Google Workspace CLI (gws) 公式リリースとgogcli比較

2026年3月3日、Googleが公式のWorkspace CLI gws をリリースした。ターミナルからGmail、Drive、Calendar等を操作できるツールで、GitHubリポジトリは googleworkspace/cli にある。

自分はこれまで steipete/gogcli を使ってきた。steipete氏(Peter Steinberger)が開発しているOSSで、Google系サービスをCLIから叩ける。今回Google公式が出たので、両者を並べて整理する。


gws の概要

Google Workspace チームが公式に開発・メンテナンスするCLI。

  • リポジトリ: https://github.com/googleworkspace/cli
  • リリース日: 2026-03-03
  • 対応サービス: Gmail, Drive, Calendar, Docs, Sheets 等
  • 認証: OAuth 2.0 / サービスアカウント
  • 特徴: Google API を直接ラップしており、API の全機能にアクセスできる
# インストール(例)
go install github.com/googleworkspace/cli/cmd/gws@latest

# Gmail の未読メール一覧
gws gmail messages list --query "is:unread" --max-results 10

# Drive からファイルダウンロード
gws drive files download --file-id <ID> --output ./downloaded.pdf

公式なので、Google API がバージョンアップしても同時にCLI側も追従する。新しい API エンドポイントが追加されたとき、最初にサポートされるのはこちらだろう。


gogcli の概要

steipete氏が開発するOSSのGoogle関連CLI。自作ツールではなく、コミュニティで開発されているライブラリ。

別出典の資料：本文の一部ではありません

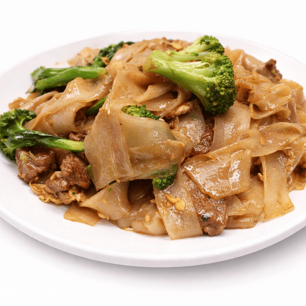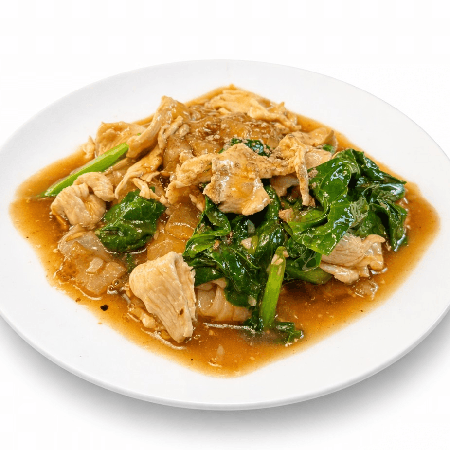 Stir fried wide rice noodle with choice of chicken, beef or pork and chinese broccoli in gravy

  • リポジトリ: https://github.com/steipete/gogcli
  • 開発者: Peter Steinberger(steipete)
  • 特徴: シンプルなインターフェース、Claude Code等のAIツールとの連携を意識した設計
# メール検索
gogcli gmail search "from:[email protected] subject:invoice"

# カレンダー予定の取得
gogcli calendar list --days 7

AIエージェントが呼び出しやすいコマンド体系になっている点が、公式ツールとの差別化ポイント。


比較表

観点gws(Google公式)gogcli(steipete氏OSS)
メンテナンスGoogle Workspace チーム個人開発者 + コミュニティ
API追従最速。公式なので当然API変更時にラグが生じうる
認証OAuth 2.0 / サービスアカウントOAuth 2.0
出力形式JSON / テーブルJSON / 人間向けテキスト
AI連携汎用的AIエージェントとの連携を意識
ドキュメント公式ドキュメント充実README + 実例ベース
成熟度リリース直後(2026-03-03)先行して運用実績あり
ライセンスApache 2.0MIT

現時点での使い分け

gws を選ぶ場面

  • Google API の全機能を使いたいとき
  • サービスアカウント認証が必要なとき(組織管理系の操作)
  • 長期的なメンテナンス保証が欲しいとき

gogcli を続ける場面

  • Claude Code のツールチェインに組み込んでいて、切り替えコストが見合わないとき
  • AI エージェントから呼びやすいコマンド体系を重視するとき
  • 今の運用で困っていないとき

移行の判断

手が止まった。gogcli で不満があるわけではない。メールの検索もカレンダーの取得も、今のワークフローで回っている。

ただ、公式ツールが出た以上、API追従の確実性は gws に軍配が上がる。Google が認証フローを変えたり、API のバージョンを切ったりしたとき、公式は壊れない。OSSは壊れうる。

当面の方針: gogcli を使い続けつつ、gws を手元にインストールして並行で試す。gogcli で API エラーが出始めたら、そのタイミングで移行する。


振り返り

Google が公式 CLI を出してきた。ターミナルからの Workspace 操作を、Google 自身が「サポートする」と宣言した形になる。AI エージェントが API を叩く場面が増え、GUI よりも CLI のほうが自動化に組み込みやすいことに、Google も気づいたのだろう。

steipete 氏の gogcli は、公式が存在しない時期に穴を埋めた。公式が出たからといって gogcli の価値が消えるわけではなく、AI エージェントが直接呼びやすいコマンド設計は引き続き参考になる。